In turn, when responding to the government’s criticisms, whether warranted or not, it is critical for management to consider how each of the comments it makes could affect future litigation. Certain regulatory “terms of art” often used in these communications may be understood by government and industry to have one meaning, but these same terms can be mischaracterized by opposing counsel or misunderstood by a jury.

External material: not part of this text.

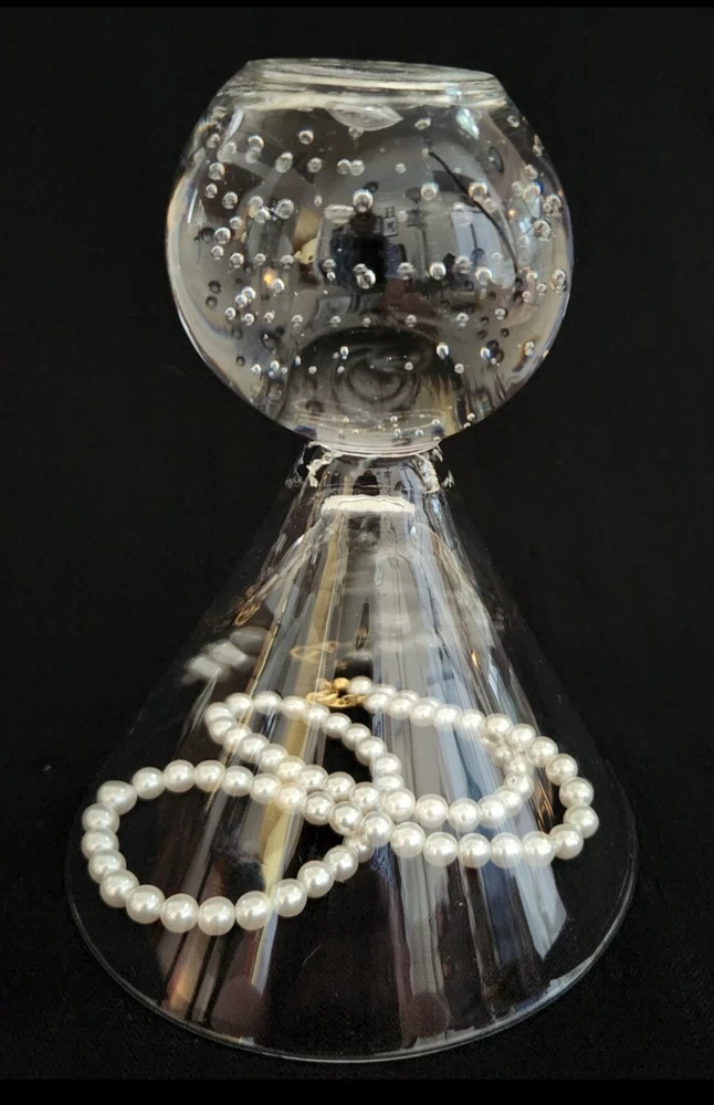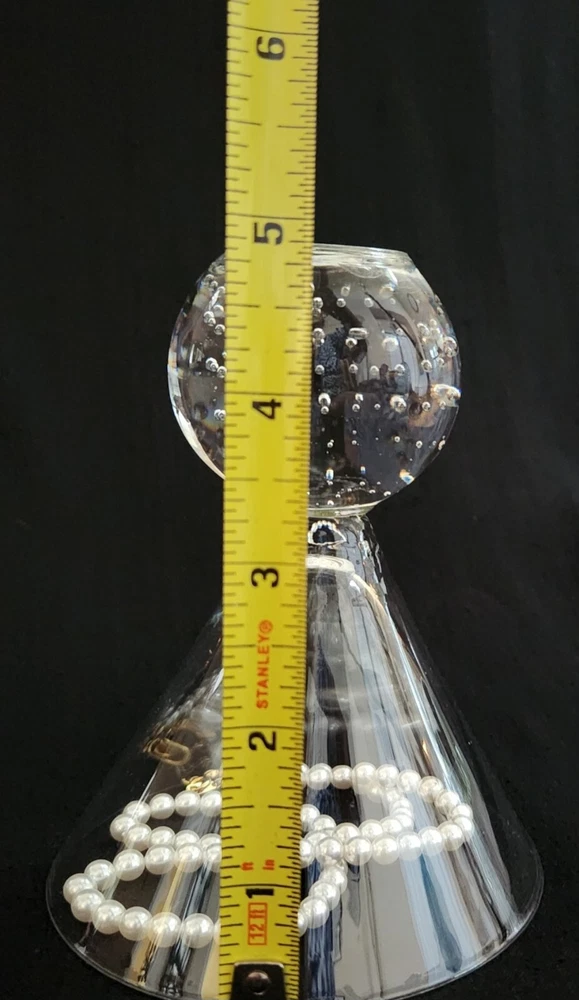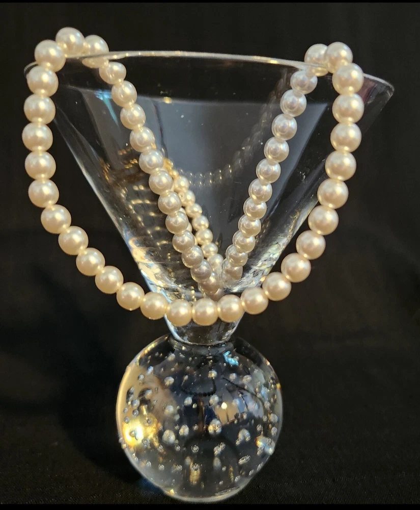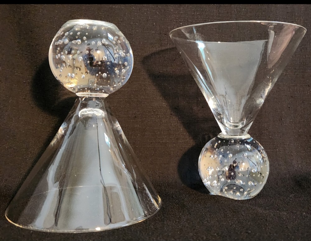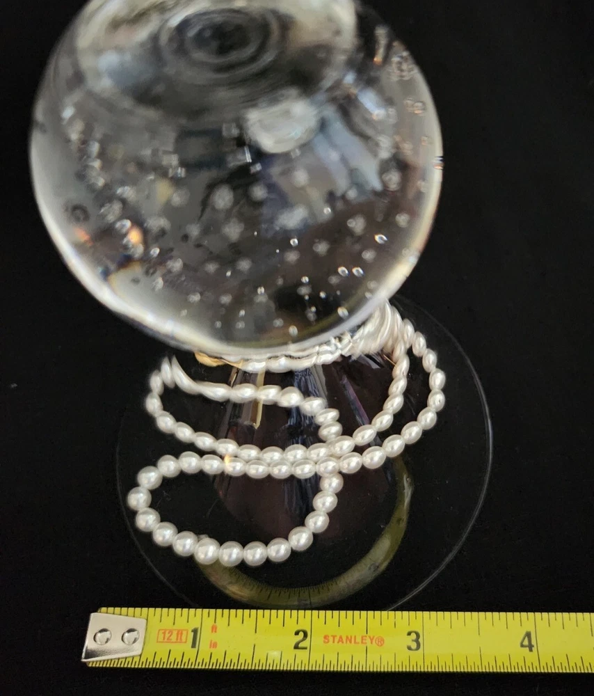 Elevate your cocktail game with these four hand-blown martini glasses. The round, clear glass is perfect for all occasions, and the mid-century modern style adds a touch of sophistication to any bar setup. The bubble ball stem design is both unique and functional, providing a stable grip for your drink and perfect for your retro bar. Crafted from high-quality glass, these martini glasses are durable and beautiful. The set includes four glasses, each measuring 5 inches in height and 4 inches in width. Whether you're hosting a party or just enjoying a drink at home, these glasses are a must-have for any cocktail lover. Pearls pictured not included.

Management should carefully draft responses that (1) put the recall into context; (2) articulate clearly the company’s position with respect to the alleged problem, even if it may differ from the government’s position; (3) detail each of the positive elements of the company’s food safety programs; and (4) address the governmental requests appropriately and artfully, in a way that will be appreciated and understood by a jury. Appreciating how the company’s post-recall communications with the government may be used by opposing counsel in lawsuits months or years later can significantly reduce a company’s potential litigation exposure.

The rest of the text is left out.